Stability is not the word most are using to greet the arrival of Iran back in the global economy as sanctions are lifted, but that might just be the outcome. With Tehran backing proxy forces locked in struggle in Syria and Yemen, and its prickliness underlined by the brief detention of American sailors in the Gulf recently, many are apprehensive of how its arrival as a regional power will affect the turbulent Middle East.

Most obviously, the opening of its oil taps will see global oil prices temporarily plunge below $20, cutting ever further into the oil incomes of those who share the waters of the Gulf.

Let’s face it; it’s all about the oil price; an American game related to fracking in the US. But that’s another story.

Saudi Arabia raised tensions with the execution of a prominent Iranian cleric. The execution of Shiite Sheikh Nimr al-Nimr just days before international sanctions came to an end, was probably an attempt to solicit a vengeful ‘unreasonable’ reaction from Iran to stop the rapprochement. It didn’t work. The Persians are an old and wise civilization, second only to China.

And yet, the unprecedented violence and instability wracking the Middle East takes place outside Iran’s borders. The monarchy in Saudi Arabia in particular is facing a crisis over how to keep a grip over restive populations, while the region’s Sunni population is targeted by Isis and Al Qaida, ironically a spawn of Saudi Wahhabism. This is one of the main problems of the region.

The Iranian Shiites are by contrast immune to Isis and its rivals on the extremist stage. Immune also to the charms, and failures, of the Sunni Muslim Brotherhood, an organisation having an existential crisis of its own after its failure in the Arab Spring.

The Brotherhood’s appeal to a non-violent pan Arab caliphate has failed to ignite, or even produce a cohesive blueprint for how such a super state should look.

None of these negative currents flow through Iran’s 75 million Shiites. Tehran’s political fission is an internal affair between Persians, as the Ayatollahs struggle with more secular forces to agree what kind of State should now reach out to the world. Their February elections will be critical.

And reaching out it is. Not with weapons and armies, but with trade and goodwill. Unlike its Gulf neighbours, Iran has an economic hinterland, now impoverished, but with sanctions lifted able to offer prosperity independently of the country’s oil and gas.

For outside states, meanwhile, Iran offers a huge market, hungry for just about everything. This prosperity dividend is already being felt on both shores of the Gulf, as the UAE and other GCC states gear up to becoming a bridge, commercial and financial, for Iran trade.

Contrast this with the state reckoned to be Iran’s key Gulf rival, Saudi Arabia.
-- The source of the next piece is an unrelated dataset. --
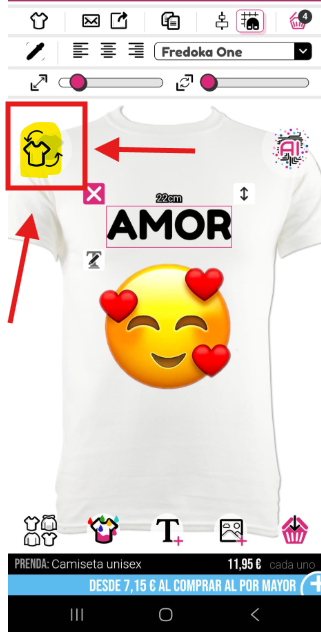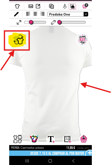 Para girar tu camiseta, necesitarás hacer clic en el icono de girar camiseta en la parte superior izquierda del diseñador
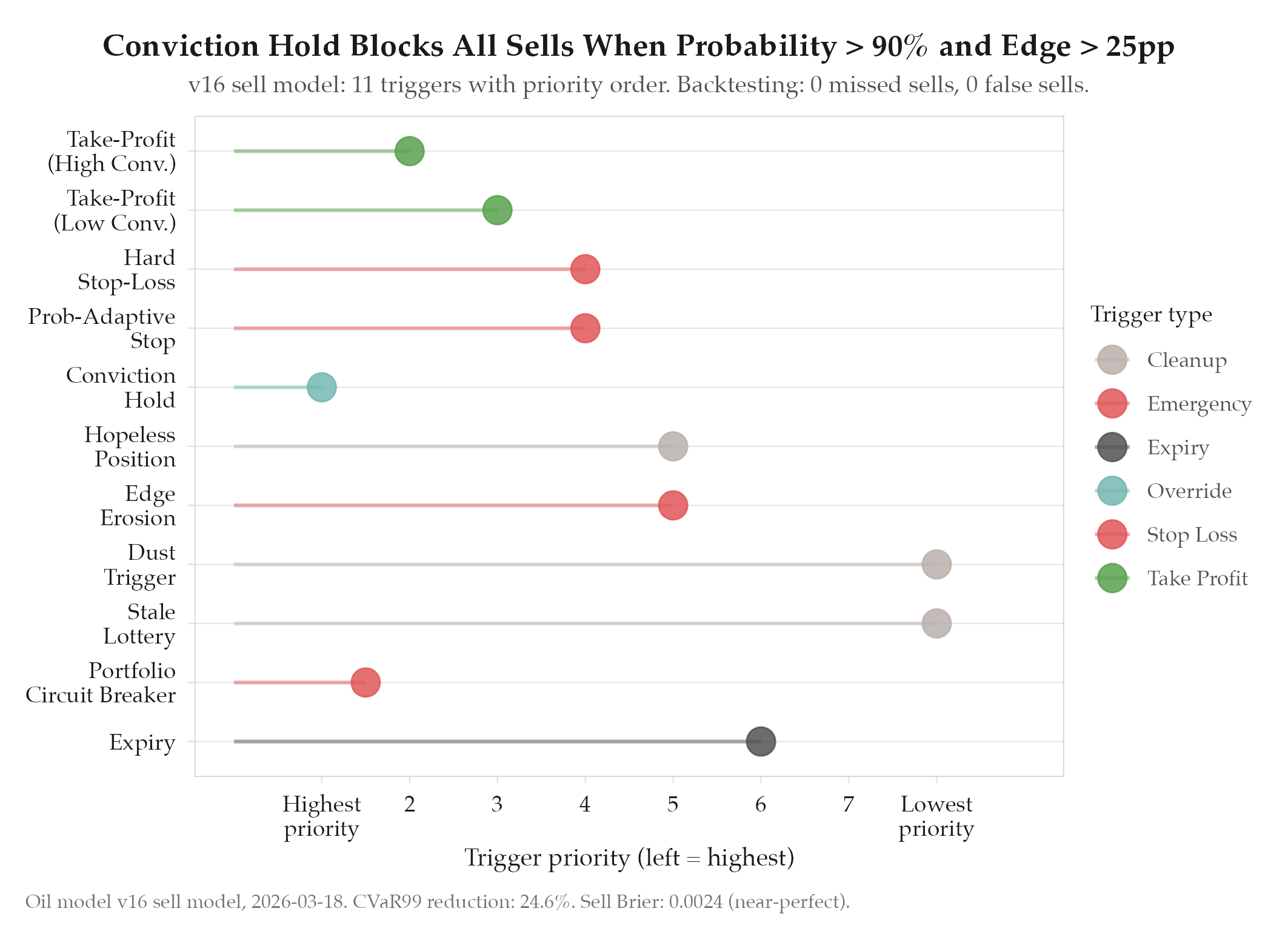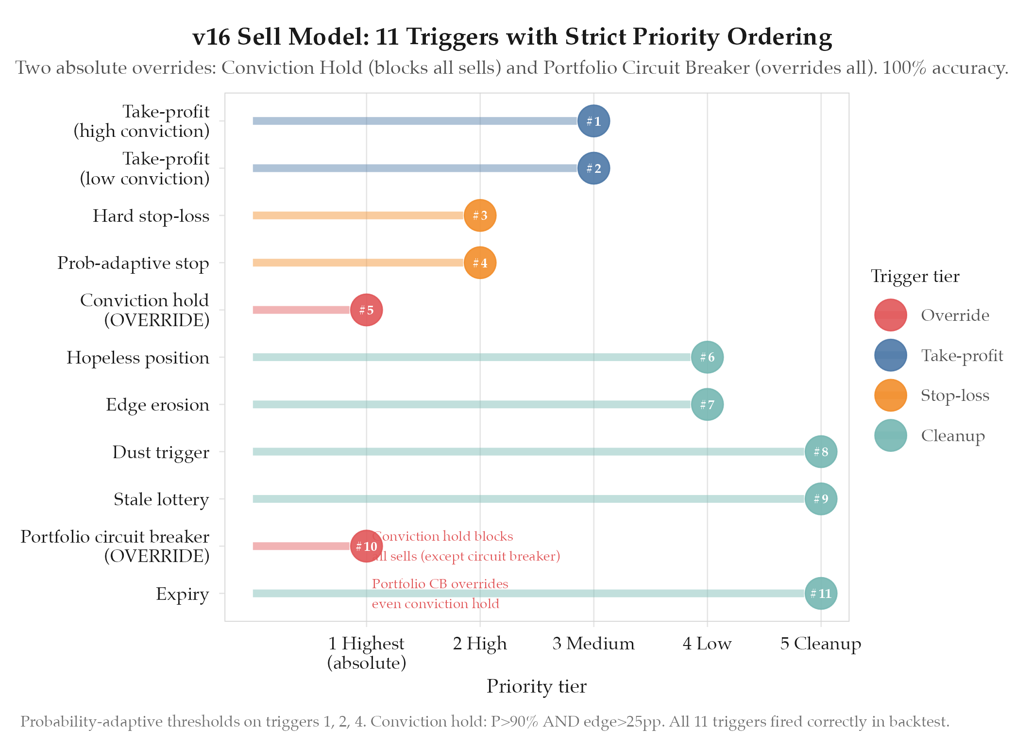| 5 | Conviction hold | Override: blocks all sell triggers when conviction is extreme | P>90% AND edge>25pp → hold regardless of P&L |

A new Iran that is reserved, careful, but prepared to play by the rules of the outside world, as it rejoins it

What appears to be a vacuum in Saudi’s hitherto wise, conservative pragmatic sensibility is confusion over where the power lies in Saudi Arabia. King Salman bin Abdulaziz Al Saud is reportedly ill and the position of his Crown Prince, Mohammed bin Nayef, is unclear. The strength of the Deputy Crown Prince, Mohammed bin Salman (MbS), the 30-year-old son of the king, seems much stronger.

There is talk of a new Saudi order that would allow a father-son royal succession, sidetracking the Allegiance Council, the Saudi body that represents the ‘pure-blood’ sons and grandsons of Saudi Arabia’s founder, Ibn Saud from his favorite wife.
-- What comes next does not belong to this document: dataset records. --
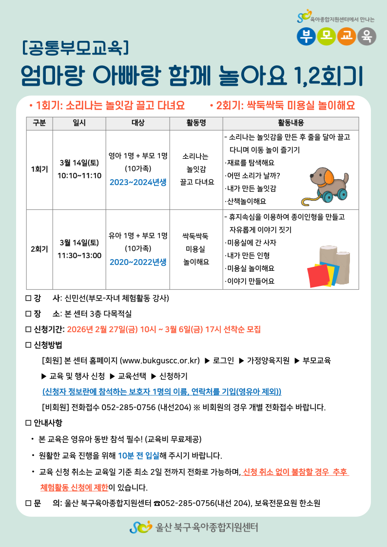 | ±âŸ»çÇ× | * º» ±³À°Àº ºÎ¸ð-ÀÚ³àüÇèȰµ¿ ±³À°ÀÔ´Ï´Ù. * º» ±³À°Àº À¯¾Æ(2020³â»ý~2022³â»ý) ±³À° ÀÔ´Ï´Ù. * ½ÅûÀÚ Á¤º¸¶õ¿¡ Âü¼®ÇÏ´Â º¸È£ÀÚ 1¸íÀÇ À̸§, ¿¬¶ôó¸¦ ±âÀÔÇØÁֽñ⠹ٶø´Ï´Ù(¿µÀ¯¾Æ À̸§ Á¦¿Ü) |
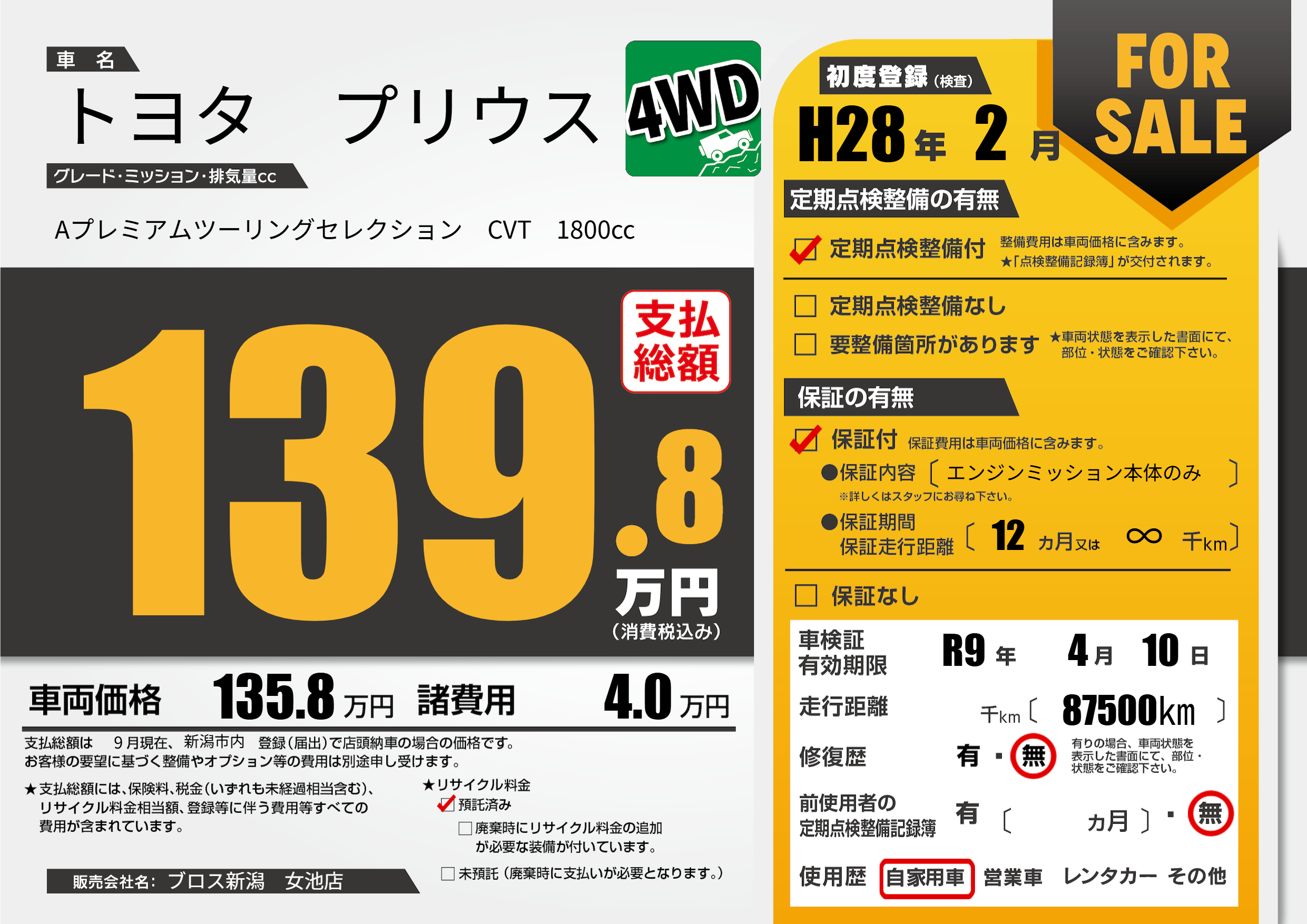 | 車名 | トヨタ プリウス | グレード ミッション 排気量 |
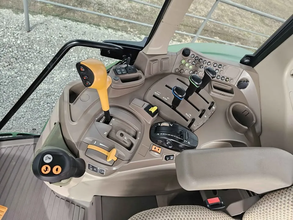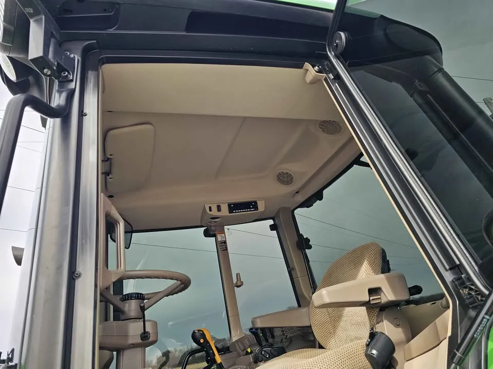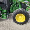 This 2023 John Deere 6120M tractor has 666 hours and features MFWD with a 16-speed Power Quad transmission and left-hand reverser, providing smooth operation and precise control for field work, loader tasks, and property management. The cab includes heat, air conditioning, radio, and a buddy seat for operator comfort during extended work hours.
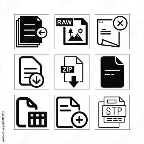 File Type Vector Icons For User Interface And Website Design Elements In Black And White
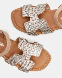 Expertly designed for . the kids’ HAYDIN sandal offers both style and functionality. Its geometric cutouts not only add a unique touch but also provide breathability for little feet. The adjustable ankle back strap ensures a secure fit while the rhinestones add a charming touch.

Possibly Saudi ‘Young Turks’ will gain control of the kingdom, and their rapprochement with Turkish president, head of the most powerful Muslim Brotherhood government in the region, is already underway.
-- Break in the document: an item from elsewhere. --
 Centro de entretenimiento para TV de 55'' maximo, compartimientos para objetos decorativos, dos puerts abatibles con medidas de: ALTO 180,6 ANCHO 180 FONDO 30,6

Yet whoever ends up controlling the House of Saud will face the same problem, which is to justify why this ruling family should continue to control Arabia and its 20 million-strong population.

And yet, the apprehension that greets Iran’s return to the world is misplaced. Iran has no territorial ambitions; no need to invade its near neighbours or confront the US or anyone else in the Gulf. Why should it? With its huge well-educated population it is poised to become an economic powerhouse in the region.

Internally, that is where the pressure is coming from, with a population determined to enjoy the benefits of fitting into the global jigsaw. Iran has no equivalent of Isis, nor the Brotherhood, and is not riven by the sort of existential crises gripping so much of the Arab world.

And the clearest indicator of Iran’s new role came in the most unexpected way; those US sailors who mysteriously sailed off course were detained, accorded full rights, fed, offered medical treatment and allowed to go with full due international process observed.

It was a sign, for those wanting to look for it, of a new Iran; reserved, careful, but prepared to play by the rules of the outside world, as it rejoins it.

If the West decisively militarily embarks on a campaign to destroy Isis wherever it may be, it will without doubt win. Why do they hesitate?

The West may even need Iran’s military help to do so. We should ask Iran for its help.

Richard Galustian is a security analyst.